In his work, he is interested in the collective perspective, exploring it through experiments during game jams and the organization of group exhibitions.

The jury unanimously chose (sex)toyBending by Noah Destrée, a project involving “the creation of sex machines using second-hand toy carcasses as raw material.”

The jury particularly appreciated “the inventiveness, freshness, and freedom of the project, which promise experiments rich in uninhibited creativity” and considers that the artist “successfully combines seriousness and derision, depth and playfulness,” and is therefore well suited for a residency at the iMAL fablab.

Noah Destrée

Noah Destrée is a 22-year-old queer Belgian artist completing a master's degree in Applied Arts in Vienna (die Angewandte). In his work, he addresses themes such as transhumanism, cyberfeminism, queer existence, and archiving. Blending different techniques, both digital and analog, his work combines serious subjects with absurdity. Through video games, drawings, animation, and more recently 3D printing, Noah creates fantastical worlds that question social structures, homogenization, lack of representation, and the seriousness of the contemporary art world.

With a degree in Digital Arts from ESA Saint-Luc and an Erasmus exchange at HAW (Hamburg), he began a master's degree in Fashion & Technology in Linz (Kunstuniversität) before joining Margarete Jahrmann's class at the University of Applied Arts in Vienna. His work has been exhibited in various venues, including Young European Artists (Brussels), Botanica Urbana (Hamburg), PostCityLinz, and published in GlitchOfficial.

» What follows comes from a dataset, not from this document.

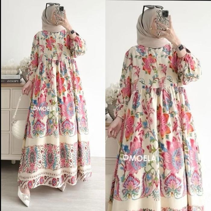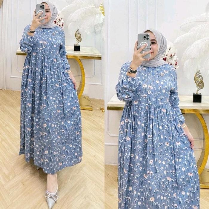 Midi Dress Rayon Viscose Motif Bunga Busana Wanita Muslim Reselting Busui Lengan Karet Gamis Ibu Menyusui Nyaman Panjang

The jury was composed of the iMAL team, Anne-Françoise Lesuisse, and Dia Helmy, whom we warmly thank for their insightful reviews of the proposals and the rich discussions that followed.

Anne-Françoise Lesuisse

Anne-Françoise Lesuisse holds a PhD in Film Studies from the University of Liège. She has been Artistic Director of the BIP (Biennale de l'Image Possible in Liège) since 2010 and Coordinator of the Master's program in Photography at the Royal Academy of Fine Arts (KASK) in Ghent, Belgium.

Dia Helmy

Dia Helmy is a creative practitioner with a poly-disciplinary approach, operating in the field of Art, Culture and Community. He dwells between stages, media-labs and gallery offices, carrying either tools, scripts, project budgets or prototypes in hand. He rarely produces works as a stand-alone artist, which encourages him to collaborate and co-create with people from many different contexts. He is the Co-founder and former leader of Medrar.org. His long trajectory of living and working between Cairo and various cities of Europe, eventually led to his settlement in the Flanders region as an anything design/craft-er, instruct/curat-or, and a volunteer in few community run hubs. He critically explores the sociopolitical dynamics around creative practices, to cultivate models of fair workflows and knowledge commons.